The EU's existing roadmap aimed to cease Russian gas imports by 2028 and oil imports by the end of 2027. Currently, Russian gas constitutes approximately 19% of the EU's total gas imports, and about 13 million tons of Russian crude oil are imported annually. The accelerated phase-out is driven by the understanding that Russia's war economy is heavily financed by its fossil fuel revenues.

President Trump has advocated for stronger economic measures against Russia, urging all NATO allies to cease energy purchases from Moscow and suggesting tariffs on China and India, major importers of Russian oil, if they do not comply. This dialogue highlights a shared objective to intensify economic pressure and reshape the global energy landscape.

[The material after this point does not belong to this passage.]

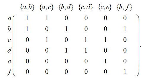 Определение 1. Пусть G – неориентированный граф. Пусть Mc – квадратная матрица, строки и столбцы которой обозначены вершинами неориентированного графа G. Элемент i-ой строки и j-гo столбца матрицы Mc, обозначаемый cij, равен единице, если имеется ребро из i-ой вершины в j-ую вершину, и равен нулю в противном случае. Матрица Mc называется матрицей смежности графа G. Заметим, что для сокращения записи обозначения строк и столбцов в матрицах смежности можно опускать, но рекомендуется их оставлять особенно в матрицах больших размерностей...

However, achieving a complete cessation of Russian energy imports faces complexities, particularly regarding the participation of all NATO allies. Turkey, Hungary, and Slovakia are identified as key members of the alliance that continue to import Russian oil. Some of Turkey's refineries rely on Russian crude for up to 90% of their supply, driven by economic factors and existing infrastructure alignment. Hungary and Slovakia also maintain their dependence on Russian energy imports.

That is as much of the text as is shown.